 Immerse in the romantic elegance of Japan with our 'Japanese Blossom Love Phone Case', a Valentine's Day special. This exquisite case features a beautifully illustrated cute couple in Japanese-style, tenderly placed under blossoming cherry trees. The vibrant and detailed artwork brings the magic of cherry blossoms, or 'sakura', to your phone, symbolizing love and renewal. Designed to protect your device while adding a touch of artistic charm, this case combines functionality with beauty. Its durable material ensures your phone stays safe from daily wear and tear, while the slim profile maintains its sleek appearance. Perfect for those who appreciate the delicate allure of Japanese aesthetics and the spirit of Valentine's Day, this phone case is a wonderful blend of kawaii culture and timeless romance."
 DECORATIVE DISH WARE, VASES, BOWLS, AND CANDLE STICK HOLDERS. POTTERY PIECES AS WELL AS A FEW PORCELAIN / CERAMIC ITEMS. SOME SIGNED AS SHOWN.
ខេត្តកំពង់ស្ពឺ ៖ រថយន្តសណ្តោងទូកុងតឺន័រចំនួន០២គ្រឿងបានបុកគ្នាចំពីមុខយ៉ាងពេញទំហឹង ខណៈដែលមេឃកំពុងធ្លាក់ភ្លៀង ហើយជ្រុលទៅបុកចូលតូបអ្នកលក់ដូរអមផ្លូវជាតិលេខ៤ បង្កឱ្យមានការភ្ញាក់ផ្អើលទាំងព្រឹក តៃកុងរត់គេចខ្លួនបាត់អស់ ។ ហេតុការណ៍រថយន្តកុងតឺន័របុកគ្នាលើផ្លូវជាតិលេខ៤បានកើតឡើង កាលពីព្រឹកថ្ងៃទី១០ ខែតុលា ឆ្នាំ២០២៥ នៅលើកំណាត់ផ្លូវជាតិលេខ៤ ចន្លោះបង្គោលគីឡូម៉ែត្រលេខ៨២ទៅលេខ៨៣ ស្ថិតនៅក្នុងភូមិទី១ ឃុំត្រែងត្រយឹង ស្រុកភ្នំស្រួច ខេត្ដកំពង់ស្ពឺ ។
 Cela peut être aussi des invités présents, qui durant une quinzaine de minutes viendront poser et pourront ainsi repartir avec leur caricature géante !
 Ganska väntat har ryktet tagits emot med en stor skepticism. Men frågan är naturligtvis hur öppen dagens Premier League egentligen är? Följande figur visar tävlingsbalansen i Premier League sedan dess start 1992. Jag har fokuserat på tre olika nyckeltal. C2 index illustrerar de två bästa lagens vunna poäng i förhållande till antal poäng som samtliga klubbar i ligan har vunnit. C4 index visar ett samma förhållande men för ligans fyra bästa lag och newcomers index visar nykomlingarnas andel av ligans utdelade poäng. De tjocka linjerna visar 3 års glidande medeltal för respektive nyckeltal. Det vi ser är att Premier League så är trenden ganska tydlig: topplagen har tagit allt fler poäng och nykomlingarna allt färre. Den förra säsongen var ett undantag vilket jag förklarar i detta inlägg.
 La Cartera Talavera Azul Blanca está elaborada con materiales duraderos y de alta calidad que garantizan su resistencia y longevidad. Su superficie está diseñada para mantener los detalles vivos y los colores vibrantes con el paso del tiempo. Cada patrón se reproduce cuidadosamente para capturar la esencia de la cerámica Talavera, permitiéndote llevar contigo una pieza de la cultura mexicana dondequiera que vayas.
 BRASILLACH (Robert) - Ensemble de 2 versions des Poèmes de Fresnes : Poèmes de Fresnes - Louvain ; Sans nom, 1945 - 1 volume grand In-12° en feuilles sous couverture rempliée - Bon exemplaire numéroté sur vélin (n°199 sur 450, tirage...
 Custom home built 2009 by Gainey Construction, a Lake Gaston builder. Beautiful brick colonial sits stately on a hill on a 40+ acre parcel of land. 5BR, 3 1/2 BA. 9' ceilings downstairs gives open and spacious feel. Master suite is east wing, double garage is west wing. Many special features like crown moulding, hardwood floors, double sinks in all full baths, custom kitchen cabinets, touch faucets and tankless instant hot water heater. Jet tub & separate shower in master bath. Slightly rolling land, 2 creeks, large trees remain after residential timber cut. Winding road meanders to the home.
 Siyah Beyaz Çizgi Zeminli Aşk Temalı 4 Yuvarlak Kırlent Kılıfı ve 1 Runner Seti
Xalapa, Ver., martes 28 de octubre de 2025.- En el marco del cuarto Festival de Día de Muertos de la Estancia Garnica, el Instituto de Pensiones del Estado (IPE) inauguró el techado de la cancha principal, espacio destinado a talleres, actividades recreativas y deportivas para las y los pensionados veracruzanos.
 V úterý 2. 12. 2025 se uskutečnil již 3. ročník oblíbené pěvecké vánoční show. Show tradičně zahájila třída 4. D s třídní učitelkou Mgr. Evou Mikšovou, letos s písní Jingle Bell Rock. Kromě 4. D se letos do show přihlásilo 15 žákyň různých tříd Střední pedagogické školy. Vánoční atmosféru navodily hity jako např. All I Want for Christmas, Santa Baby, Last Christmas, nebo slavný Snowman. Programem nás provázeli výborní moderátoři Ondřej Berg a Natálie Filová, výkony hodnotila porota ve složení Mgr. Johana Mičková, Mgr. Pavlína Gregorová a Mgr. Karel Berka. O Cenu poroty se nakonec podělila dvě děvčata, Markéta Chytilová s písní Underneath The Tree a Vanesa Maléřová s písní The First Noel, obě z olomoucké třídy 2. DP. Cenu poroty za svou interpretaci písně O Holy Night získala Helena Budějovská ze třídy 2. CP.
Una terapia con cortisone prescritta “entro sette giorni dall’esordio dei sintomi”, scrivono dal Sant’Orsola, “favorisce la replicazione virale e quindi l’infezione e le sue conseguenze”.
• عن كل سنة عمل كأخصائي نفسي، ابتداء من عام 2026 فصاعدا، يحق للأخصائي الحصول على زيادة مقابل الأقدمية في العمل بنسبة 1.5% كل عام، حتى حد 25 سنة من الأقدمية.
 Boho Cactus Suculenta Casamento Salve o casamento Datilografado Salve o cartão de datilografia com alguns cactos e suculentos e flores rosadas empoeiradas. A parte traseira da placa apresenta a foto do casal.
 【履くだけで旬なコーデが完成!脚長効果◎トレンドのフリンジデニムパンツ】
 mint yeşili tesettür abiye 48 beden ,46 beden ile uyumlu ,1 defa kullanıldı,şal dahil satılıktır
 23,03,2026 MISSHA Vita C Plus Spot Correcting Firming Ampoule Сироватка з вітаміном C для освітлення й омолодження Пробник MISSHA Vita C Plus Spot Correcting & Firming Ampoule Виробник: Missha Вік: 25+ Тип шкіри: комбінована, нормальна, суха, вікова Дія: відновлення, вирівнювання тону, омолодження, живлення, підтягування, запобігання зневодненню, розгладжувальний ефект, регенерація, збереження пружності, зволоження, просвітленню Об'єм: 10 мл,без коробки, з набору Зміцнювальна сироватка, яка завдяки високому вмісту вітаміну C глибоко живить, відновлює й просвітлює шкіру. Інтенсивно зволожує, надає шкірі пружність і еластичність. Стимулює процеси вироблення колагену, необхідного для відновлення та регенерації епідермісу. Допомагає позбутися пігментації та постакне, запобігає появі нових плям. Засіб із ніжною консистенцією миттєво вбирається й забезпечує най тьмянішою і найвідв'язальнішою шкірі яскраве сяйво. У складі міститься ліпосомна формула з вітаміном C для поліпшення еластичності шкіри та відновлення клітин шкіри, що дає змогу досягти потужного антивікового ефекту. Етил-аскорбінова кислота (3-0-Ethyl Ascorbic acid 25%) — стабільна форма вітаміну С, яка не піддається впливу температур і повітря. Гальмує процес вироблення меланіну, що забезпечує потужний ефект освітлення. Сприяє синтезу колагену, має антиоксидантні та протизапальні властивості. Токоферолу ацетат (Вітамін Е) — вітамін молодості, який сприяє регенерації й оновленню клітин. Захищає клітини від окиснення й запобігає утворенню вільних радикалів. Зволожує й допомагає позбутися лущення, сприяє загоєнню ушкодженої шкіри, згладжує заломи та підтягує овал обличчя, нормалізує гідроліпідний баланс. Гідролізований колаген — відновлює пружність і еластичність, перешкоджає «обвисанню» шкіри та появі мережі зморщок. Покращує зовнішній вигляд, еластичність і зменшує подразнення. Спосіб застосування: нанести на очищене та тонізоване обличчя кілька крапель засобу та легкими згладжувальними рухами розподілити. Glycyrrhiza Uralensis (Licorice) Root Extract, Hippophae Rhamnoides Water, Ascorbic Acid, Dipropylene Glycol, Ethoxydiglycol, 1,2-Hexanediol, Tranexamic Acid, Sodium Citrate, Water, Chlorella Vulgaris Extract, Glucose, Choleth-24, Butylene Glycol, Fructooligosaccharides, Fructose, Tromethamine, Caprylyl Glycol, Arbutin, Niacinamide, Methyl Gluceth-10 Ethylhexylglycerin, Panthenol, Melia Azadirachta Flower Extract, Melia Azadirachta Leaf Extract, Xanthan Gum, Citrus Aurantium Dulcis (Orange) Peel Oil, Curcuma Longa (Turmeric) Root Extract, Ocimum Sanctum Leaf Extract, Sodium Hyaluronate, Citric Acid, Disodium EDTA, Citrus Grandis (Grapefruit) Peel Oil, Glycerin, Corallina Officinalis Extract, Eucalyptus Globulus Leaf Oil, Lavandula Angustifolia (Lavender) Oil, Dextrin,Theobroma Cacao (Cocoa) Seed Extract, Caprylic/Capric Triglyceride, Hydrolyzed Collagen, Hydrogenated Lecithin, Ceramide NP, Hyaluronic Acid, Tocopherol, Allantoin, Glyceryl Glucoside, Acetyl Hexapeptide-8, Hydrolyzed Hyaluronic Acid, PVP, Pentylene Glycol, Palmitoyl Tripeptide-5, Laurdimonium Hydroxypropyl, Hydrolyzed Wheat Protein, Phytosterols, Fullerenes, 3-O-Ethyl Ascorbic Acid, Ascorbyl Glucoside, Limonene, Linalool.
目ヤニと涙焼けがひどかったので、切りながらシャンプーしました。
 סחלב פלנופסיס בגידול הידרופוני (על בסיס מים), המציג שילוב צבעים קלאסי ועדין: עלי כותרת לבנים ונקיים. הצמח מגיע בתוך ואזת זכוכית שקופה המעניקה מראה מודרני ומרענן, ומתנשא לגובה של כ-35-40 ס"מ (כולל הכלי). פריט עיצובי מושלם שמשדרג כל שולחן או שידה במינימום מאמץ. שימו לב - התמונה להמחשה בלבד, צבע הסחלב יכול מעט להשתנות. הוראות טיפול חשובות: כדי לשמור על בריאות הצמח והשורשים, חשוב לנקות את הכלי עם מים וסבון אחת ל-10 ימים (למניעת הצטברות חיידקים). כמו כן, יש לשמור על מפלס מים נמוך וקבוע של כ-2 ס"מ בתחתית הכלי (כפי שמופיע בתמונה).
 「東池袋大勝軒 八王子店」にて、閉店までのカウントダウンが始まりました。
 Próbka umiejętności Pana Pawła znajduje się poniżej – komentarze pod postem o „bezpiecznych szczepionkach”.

→ Exercise aim
Reproduce, exactly and without additions, the run of lines from the start of the listing above to the line bearing "DECORATIVE DISH WARE, VASES, BOWLS, AND", inclusive.

→ Answer to this exercise
 Immerse in the romantic elegance of Japan with our 'Japanese Blossom Love Phone Case', a Valentine's Day special. This exquisite case features a beautifully illustrated cute couple in Japanese-style, tenderly placed under blossoming cherry trees. The vibrant and detailed artwork brings the magic of cherry blossoms, or 'sakura', to your phone, symbolizing love and renewal. Designed to protect your device while adding a touch of artistic charm, this case combines functionality with beauty. Its durable material ensures your phone stays safe from daily wear and tear, while the slim profile maintains its sleek appearance. Perfect for those who appreciate the delicate allure of Japanese aesthetics and the spirit of Valentine's Day, this phone case is a wonderful blend of kawaii culture and timeless romance."
 DECORATIVE DISH WARE, VASES, BOWLS, AND CANDLE STICK HOLDERS. POTTERY PIECES AS WELL AS A FEW PORCELAIN / CERAMIC ITEMS. SOME SIGNED AS SHOWN.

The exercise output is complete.